>>>>>

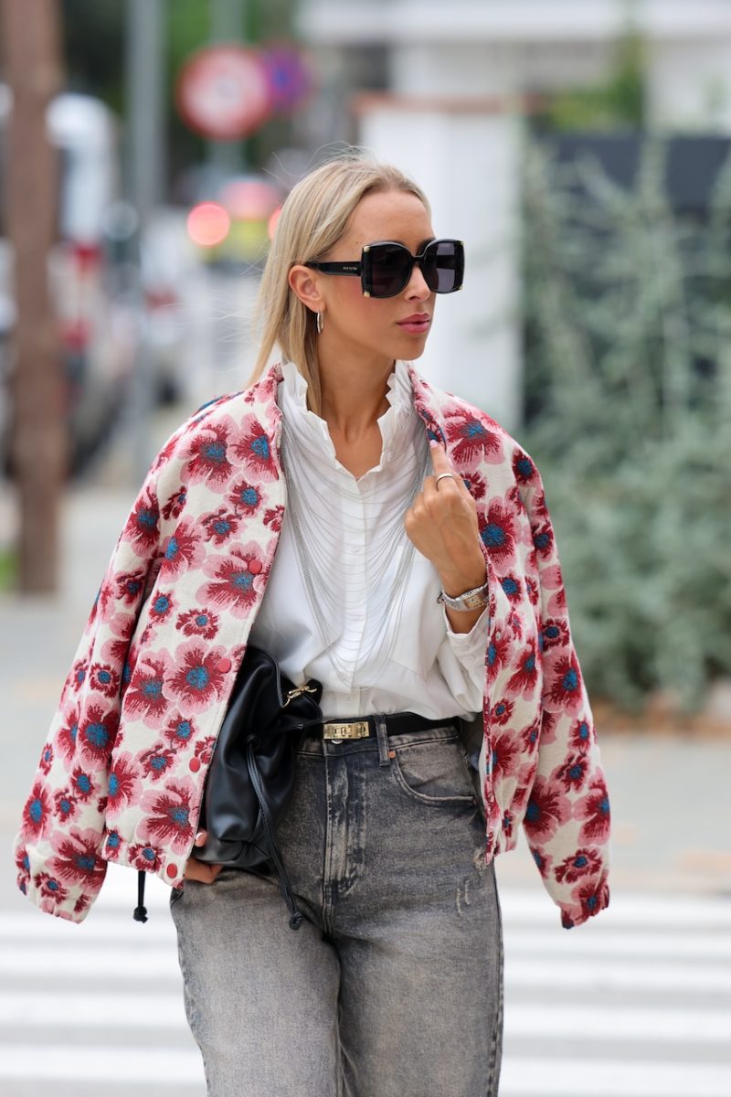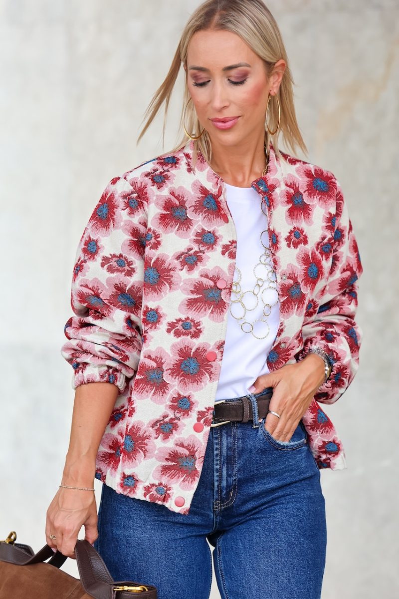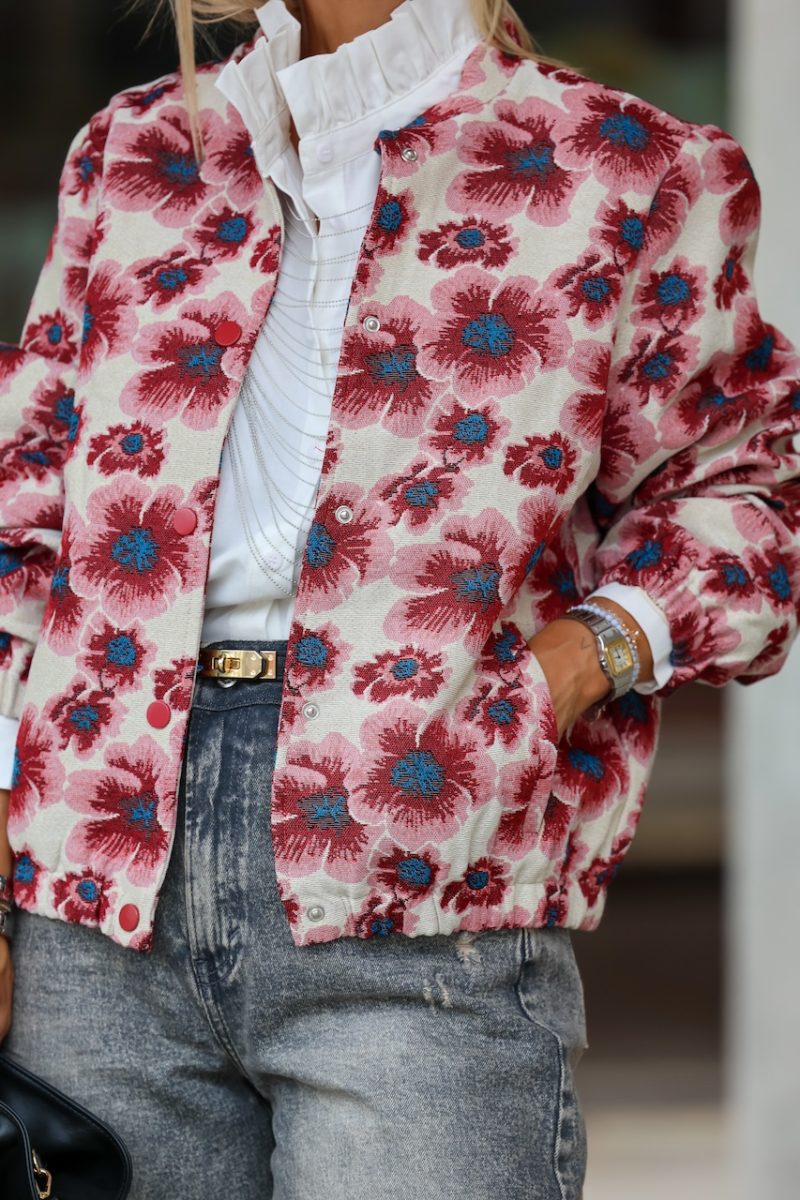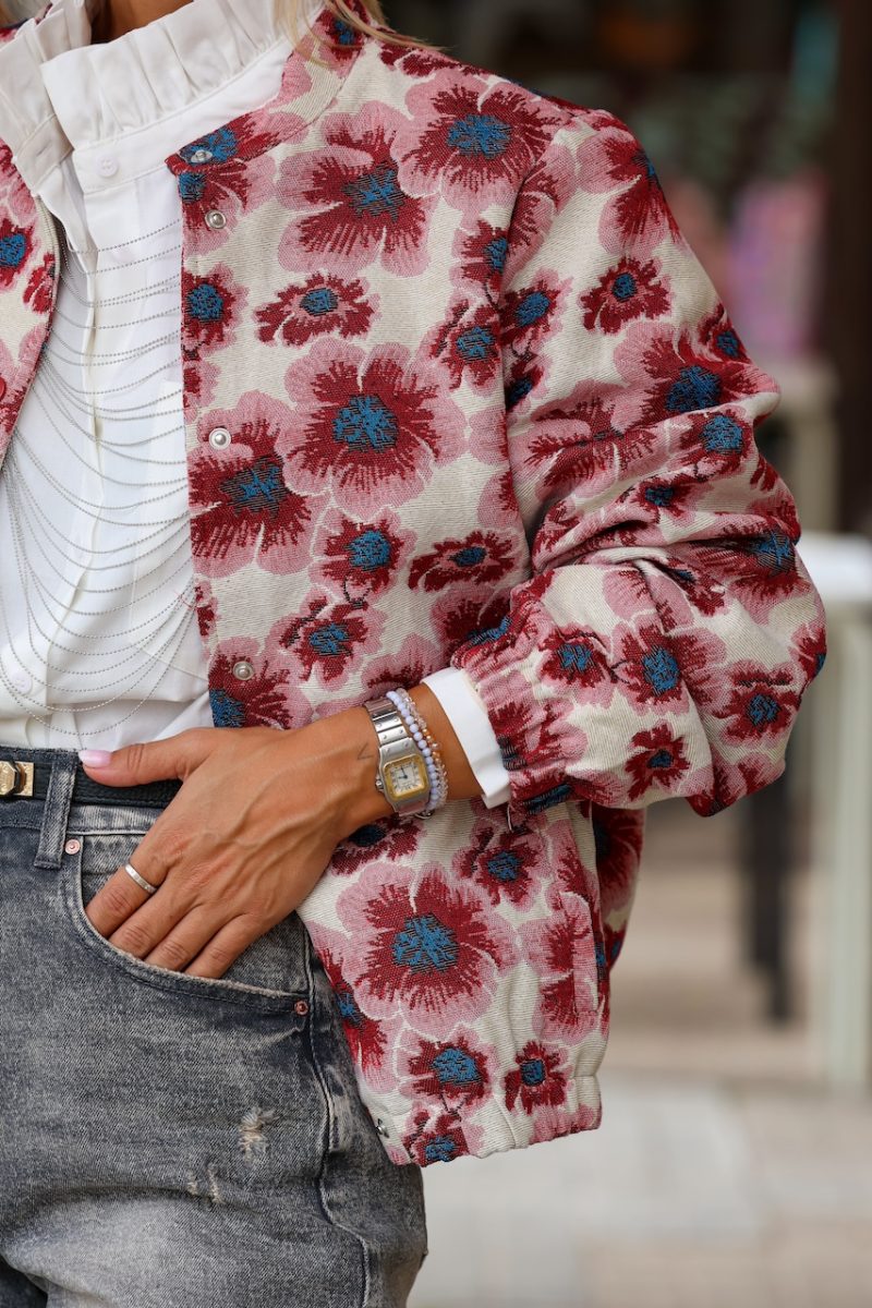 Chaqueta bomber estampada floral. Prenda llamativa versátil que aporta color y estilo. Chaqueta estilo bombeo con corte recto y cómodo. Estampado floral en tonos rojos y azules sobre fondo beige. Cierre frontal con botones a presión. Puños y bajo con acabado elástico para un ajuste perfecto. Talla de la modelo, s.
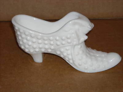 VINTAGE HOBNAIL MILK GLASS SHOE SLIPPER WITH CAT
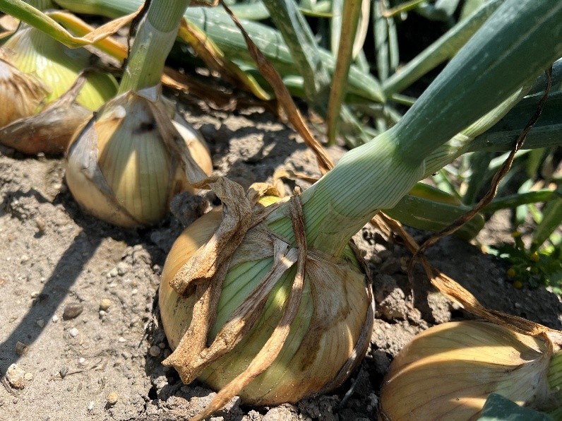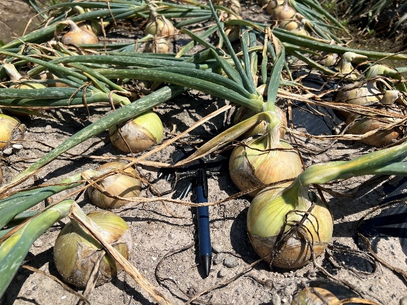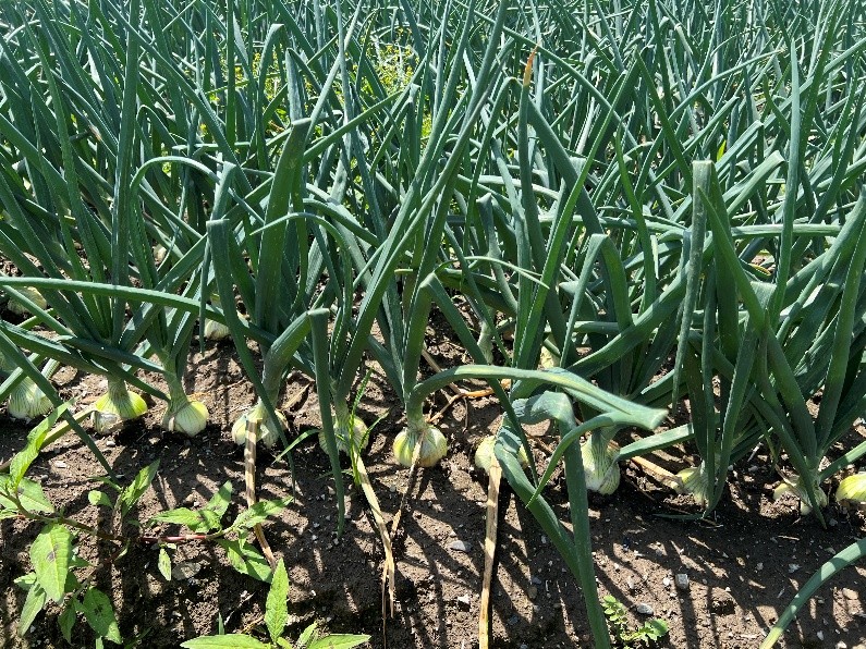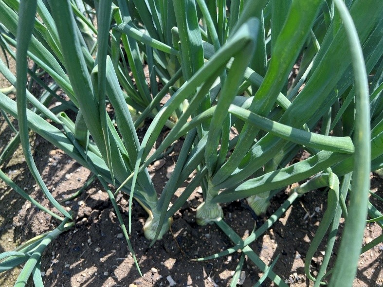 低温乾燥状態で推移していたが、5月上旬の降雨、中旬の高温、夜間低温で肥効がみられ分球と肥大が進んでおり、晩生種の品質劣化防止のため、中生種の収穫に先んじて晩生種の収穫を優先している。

<<<<<

Prompt:
Repeat the listing above exactly, omitting the pictures it contains.

Result for this exercise:
 Chaqueta bomber estampada floral. Prenda llamativa versátil que aporta color y estilo. Chaqueta estilo bombeo con corte recto y cómodo. Estampado floral en tonos rojos y azules sobre fondo beige. Cierre frontal con botones a presión. Puños y bajo con acabado elástico para un ajuste perfecto. Talla de la modelo, s.
 VINTAGE HOBNAIL MILK GLASS SHOE SLIPPER WITH CAT
 低温乾燥状態で推移していたが、5月上旬の降雨、中旬の高温、夜間低温で肥効がみられ分球と肥大が進んでおり、晩生種の品質劣化防止のため、中生種の収穫に先んじて晩生種の収穫を優先している。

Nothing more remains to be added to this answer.